**Given data**
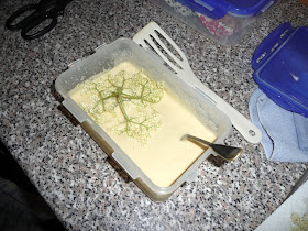 The weather plays a crucial part in it; a fine, dry day is best. As you can see in the picture, we were not entirely lucky that day. It had been raining right up to the moment we arrived in the garden (it is an allotment about half an hour by car from the town where we live), and so the flowers were wet - they shouldn't be, and you should not wash them if you happen to catch a sunny day for your elderflower pancake fest!
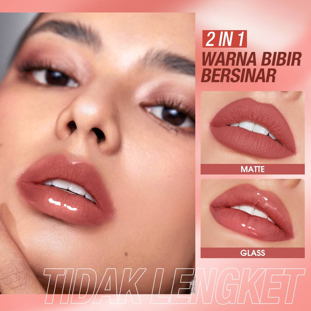 O.TWO.O 2 In 1 Lipgloss Matte & Gloss Long Lasting Plump Kiss-Proof Lip Makeup TERLARIS
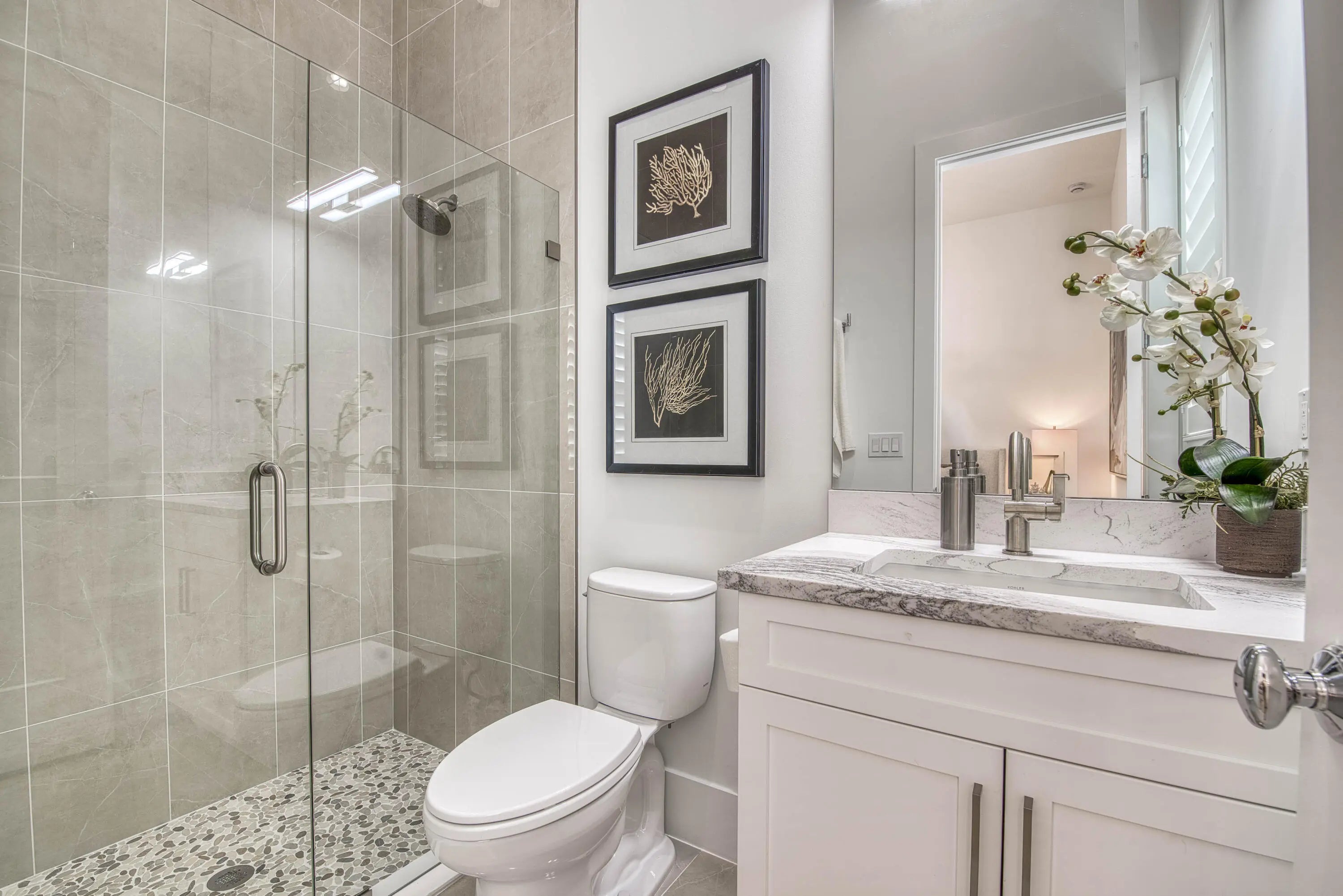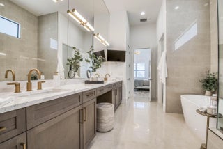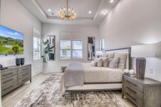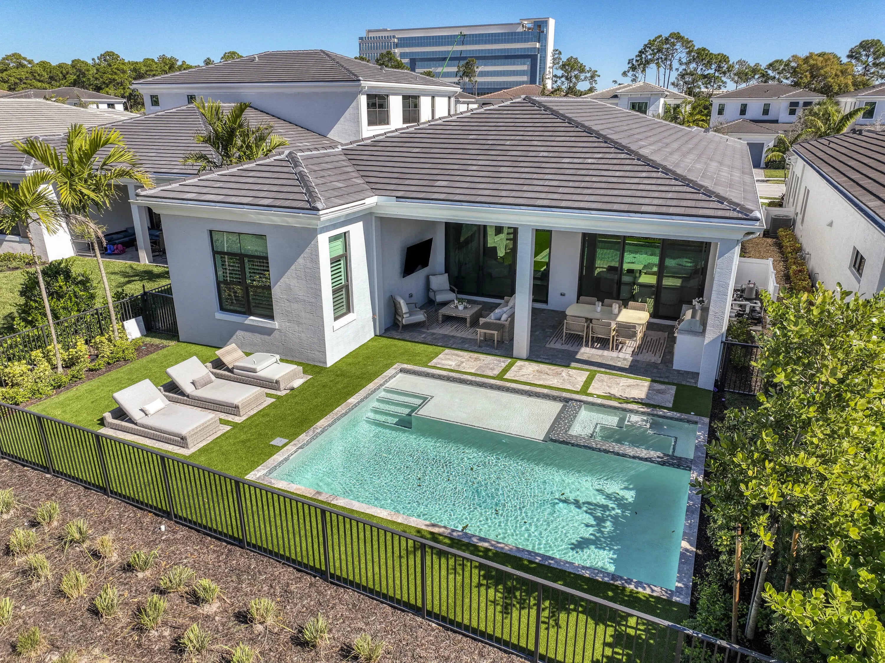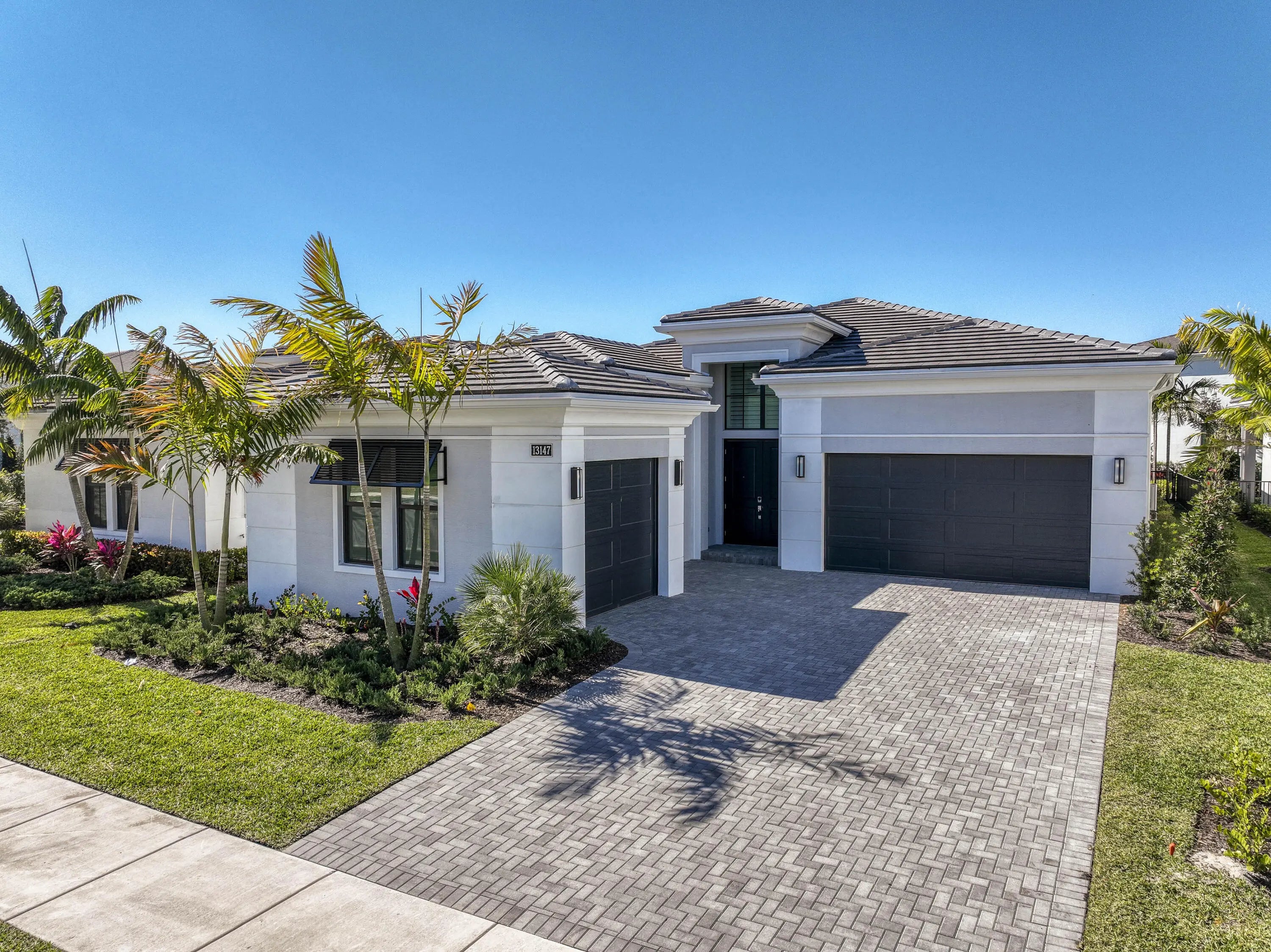 Welcome to this exquisite new construction residence in the gated community of Artistry in Palm Beach Gardens, where modern design and elevated finishes converge in a thoughtfully curated one-story floor plan. Offering 3 bedrooms, 3.5 baths, a private office, and a 3-car garage across 2,976 square feet under air, this home was crafted for both refined living and effortless entertaining. A seamless open layout unites the living, dining, and kitchen spaces, truly the heart of the home, accentuated by large-format tile flooring, custom lighting, 5'' baseboards, and a sophisticated linen-toned palette. The designer kitchen showcases custom white wood cabinetry, coordinating quartz countertops and backsplash, a premium stainless steel appliance package with gas cooktop, separate beverage refrigerator, and an expansive island with pull-up seating. Two oversized 10' sliding glass doors flood the space with natural light while framing views of the covered patio and resort-style pool and spa. The dedicated office, introduced by double doors and a recessed ceiling detail, provides a quiet and stylish workspace. All bedrooms feature en-suite baths and walk-in closets, with the primary suite serving as a true sanctuary. Its spa-inspired bath is appointed with a wall-to-wall dual vanity with center make-up station, floor-to-ceiling tile, soaking tub, glass-enclosed shower, bronze fixtures, and statement lighting. Outdoor living is equally compelling, highlighted by an expansive covered patio designed for year-round enjoyment. A fully equipped summer kitchen with built-in grill anchors the dining area, while the lounge space is prepped for a wall-mounted TV. The sparkling pool and integrated spa with sunshelf are surrounded by turf greenery and lush tropical landscaping, creating a private resort ambiance. Additional features include impact windows and doors, white plantation shutters, and a dedicated laundry room with sink and added storage. This exceptional residence offers the perfect blend of new construction peace of mind and sophisticated modern luxury in one of Palm Beach Gardens' most sought-after gated communities.
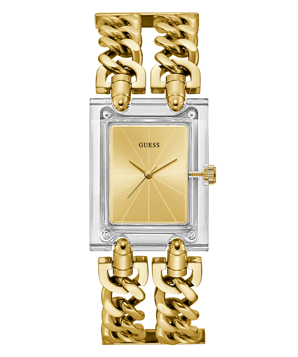 A new trendy look for a tried and true style this watch features a transparent clear case with sleek gold chains and adjustable G-links for easy sizing. Great on its own or layered with other jewelry!
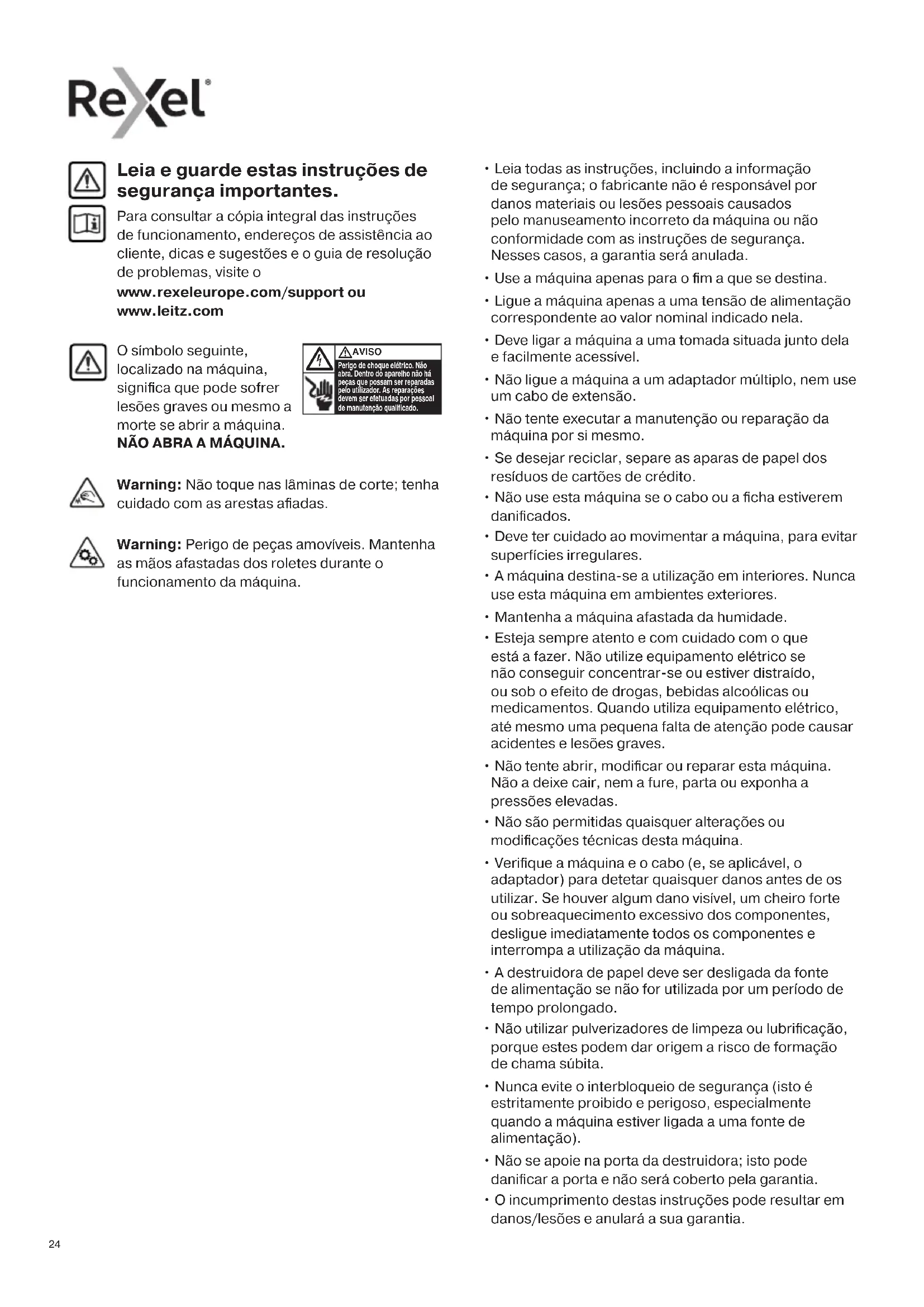 - O incumprimento destas instruções pode resultar em danos/lesões e anulará a sua garantia. Leia e guarde estas instruções de segurança importantes. Para consultar a cópia integral das instruções de funcionamento, endereços de assistência ao cliente, dicas e sugestões e o guia de resolução de problemas, visite o www.rexeleurope.com/support ou www.leitz.com
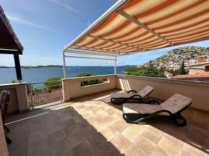 Boasting a private entrance, this air-conditioned apartment comes with 1 living room, 2 separate bedrooms and 1 bathroom with a shower and a hairdryer. Guests will find a stovetop, a refrigerator, kitchenware and a microwave in the well-fitted kitchen. The apartment also includes a barbecue. Featuring a terrace with sea views, this apartment also features a tea and coffee maker and a flat-screen TV with satellite channels. The unit has 2 beds.
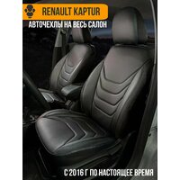 В данной карточке представлены модельные авточехлы Renault Kaptur с 2016 года выпуска по настоящее время. Комплект изготовлен из высококачественной экокожи толщиной 1мм. Лекала, по которым пошиты авточехлы, разработаны нами и соответствуют лекалам заводских сидений. На местах срабатывания подушек безопасности сделаны специальные швы, которые обеспечивают полностью штатное срабатывание систем безопасности. Лицевые посадочные места выполнены из триплированной, перфорированной экокожи и усилены слоем спанбонда 100г/кв. м, что препятствует растяжению и образованию морщин в процессе эксплуатации. Благодаря высокой теплопроводности материалов время работы подогрева сидений не увеличивается. В пошиве используется шёлковая нитка тройной скрутки. Совместно со стандартными креплениями мы используем, не имеющую аналогов, систему крепления на стропы, надёжно притягивающую центральную часть чехла к сиденью, не позволяющую ему двигаться вперед-назад.
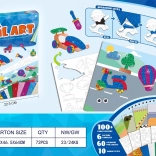 Kreativni komplet za otroke od 4. leta, ki razvija fino motoriko in domišljijo. Vsebuje penaste nalepke, predloge z ozadji, bleščeč papir in lopatko za enostavno odstranjevanje zaščitne plasti – idealno kot darilo za male ustvarjalce.
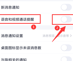 4、最后,在消息通知界面,找到“语音和视频通话提醒”那一栏,再滑动右边开关按钮,打开开关即可。
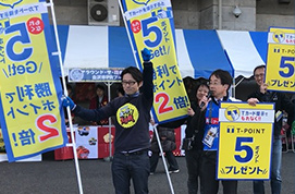 地元水戸のプロサッカーチームJ2水戸ホーリーホックを「ホーリーブック大作戦」として応援をしています。全選手掲載オリジナルブックカバーやしおりのプレゼント、試合で勝利すると翌日対象店でのTポイント2倍、書籍売上の1%が水戸ホーリーホック強化支援金になる「応援デイズ!」など、総力を挙げて取り組んでいます。またTポイントジャパンと連携したサンクスマッチ、Tポイントが貯まる対象店舗でも、勝利した翌日はポイントが2倍になるなど、地元を巻き込み、地元でしかできないユニークな応援をしています。川又書店県庁店では限定商品取扱店水戸ホーリーホックオフィシャルグッズショップを展開しています。
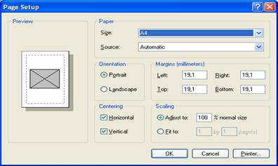Permite alegerea valorilor parametrilor care determina aranjarea in pagina a desenului la tiparire: dimensiunea paginii, marginile, etc. |
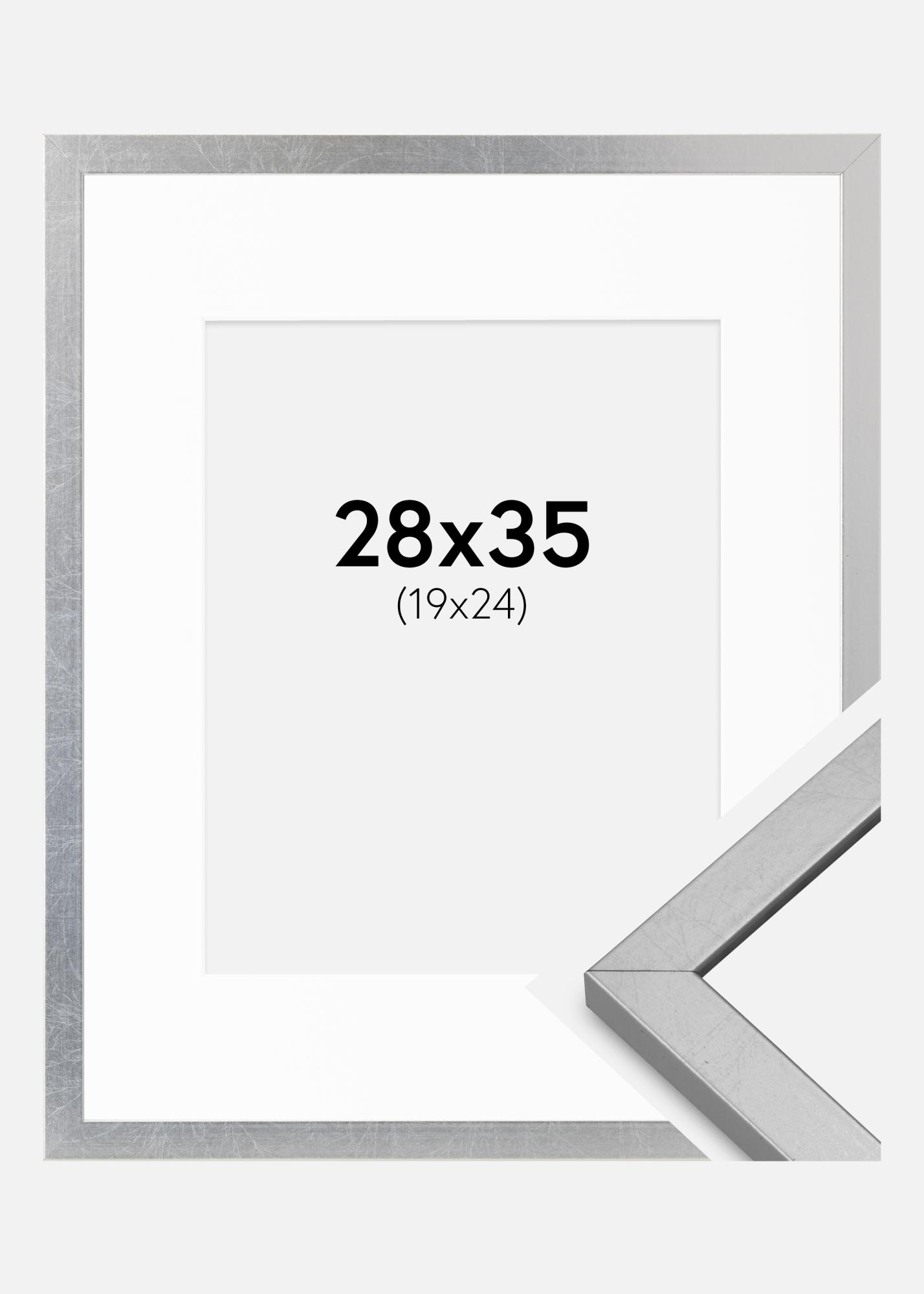 Rahmen Minerva Silber 28x35 cm - Passepartout Weiß 20x25 cm

**Work instruction**
Pictures stay out. Write out everything else in the material exactly.

**Answer box**
 The weather plays a crucial part in it; a fine, dry day is best. As you can see in the picture, we were not entirely lucky that day. It had been raining right up to the moment we arrived in the garden (it is an allotment about half an hour by car from the town where we live), and so the flowers were wet - they shouldn't be, and you should not wash them if you happen to catch a sunny day for your elderflower pancake fest!
 O.TWO.O 2 In 1 Lipgloss Matte & Gloss Long Lasting Plump Kiss-Proof Lip Makeup TERLARIS
 Welcome to this exquisite new construction residence in the gated community of Artistry in Palm Beach Gardens, where modern design and elevated finishes converge in a thoughtfully curated one-story floor plan. Offering 3 bedrooms, 3.5 baths, a private office, and a 3-car garage across 2,976 square feet under air, this home was crafted for both refined living and effortless entertaining. A seamless open layout unites the living, dining, and kitchen spaces, truly the heart of the home, accentuated by large-format tile flooring, custom lighting, 5'' baseboards, and a sophisticated linen-toned palette. The designer kitchen showcases custom white wood cabinetry, coordinating quartz countertops and backsplash, a premium stainless steel appliance package with gas cooktop, separate beverage refrigerator, and an expansive island with pull-up seating. Two oversized 10' sliding glass doors flood the space with natural light while framing views of the covered patio and resort-style pool and spa. The dedicated office, introduced by double doors and a recessed ceiling detail, provides a quiet and stylish workspace. All bedrooms feature en-suite baths and walk-in closets, with the primary suite serving as a true sanctuary. Its spa-inspired bath is appointed with a wall-to-wall dual vanity with center make-up station, floor-to-ceiling tile, soaking tub, glass-enclosed shower, bronze fixtures, and statement lighting. Outdoor living is equally compelling, highlighted by an expansive covered patio designed for year-round enjoyment. A fully equipped summer kitchen with built-in grill anchors the dining area, while the lounge space is prepped for a wall-mounted TV. The sparkling pool and integrated spa with sunshelf are surrounded by turf greenery and lush tropical landscaping, creating a private resort ambiance. Additional features include impact windows and doors, white plantation shutters, and a dedicated laundry room with sink and added storage. This exceptional residence offers the perfect blend of new construction peace of mind and sophisticated modern luxury in one of Palm Beach Gardens' most sought-after gated communities.
 A new trendy look for a tried and true style this watch features a transparent clear case with sleek gold chains and adjustable G-links for easy sizing. Great on its own or layered with other jewelry!
 - O incumprimento destas instruções pode resultar em danos/lesões e anulará a sua garantia. Leia e guarde estas instruções de segurança importantes. Para consultar a cópia integral das instruções de funcionamento, endereços de assistência ao cliente, dicas e sugestões e o guia de resolução de problemas, visite o www.rexeleurope.com/support ou www.leitz.com
 Boasting a private entrance, this air-conditioned apartment comes with 1 living room, 2 separate bedrooms and 1 bathroom with a shower and a hairdryer. Guests will find a stovetop, a refrigerator, kitchenware and a microwave in the well-fitted kitchen. The apartment also includes a barbecue. Featuring a terrace with sea views, this apartment also features a tea and coffee maker and a flat-screen TV with satellite channels. The unit has 2 beds.
 В данной карточке представлены модельные авточехлы Renault Kaptur с 2016 года выпуска по настоящее время. Комплект изготовлен из высококачественной экокожи толщиной 1мм. Лекала, по которым пошиты авточехлы, разработаны нами и соответствуют лекалам заводских сидений. На местах срабатывания подушек безопасности сделаны специальные швы, которые обеспечивают полностью штатное срабатывание систем безопасности. Лицевые посадочные места выполнены из триплированной, перфорированной экокожи и усилены слоем спанбонда 100г/кв. м, что препятствует растяжению и образованию морщин в процессе эксплуатации. Благодаря высокой теплопроводности материалов время работы подогрева сидений не увеличивается. В пошиве используется шёлковая нитка тройной скрутки. Совместно со стандартными креплениями мы используем, не имеющую аналогов, систему крепления на стропы, надёжно притягивающую центральную часть чехла к сиденью, не позволяющую ему двигаться вперед-назад.
 Kreativni komplet za otroke od 4. leta, ki razvija fino motoriko in domišljijo. Vsebuje penaste nalepke, predloge z ozadji, bleščeč papir in lopatko za enostavno odstranjevanje zaščitne plasti – idealno kot darilo za male ustvarjalce.
 4、最后,在消息通知界面,找到“语音和视频通话提醒”那一栏,再滑动右边开关按钮,打开开关即可。
 地元水戸のプロサッカーチームJ2水戸ホーリーホックを「ホーリーブック大作戦」として応援をしています。全選手掲載オリジナルブックカバーやしおりのプレゼント、試合で勝利すると翌日対象店でのTポイント2倍、書籍売上の1%が水戸ホーリーホック強化支援金になる「応援デイズ!」など、総力を挙げて取り組んでいます。またTポイントジャパンと連携したサンクスマッチ、Tポイントが貯まる対象店舗でも、勝利した翌日はポイントが2倍になるなど、地元を巻き込み、地元でしかできないユニークな応援をしています。川又書店県庁店では限定商品取扱店水戸ホーリーホックオフィシャルグッズショップを展開しています。
Permite alegerea valorilor parametrilor care determina aranjarea in pagina a desenului la tiparire: dimensiunea paginii, marginile, etc. |
 Rahmen Minerva Silber 28x35 cm - Passepartout Weiß 20x25 cm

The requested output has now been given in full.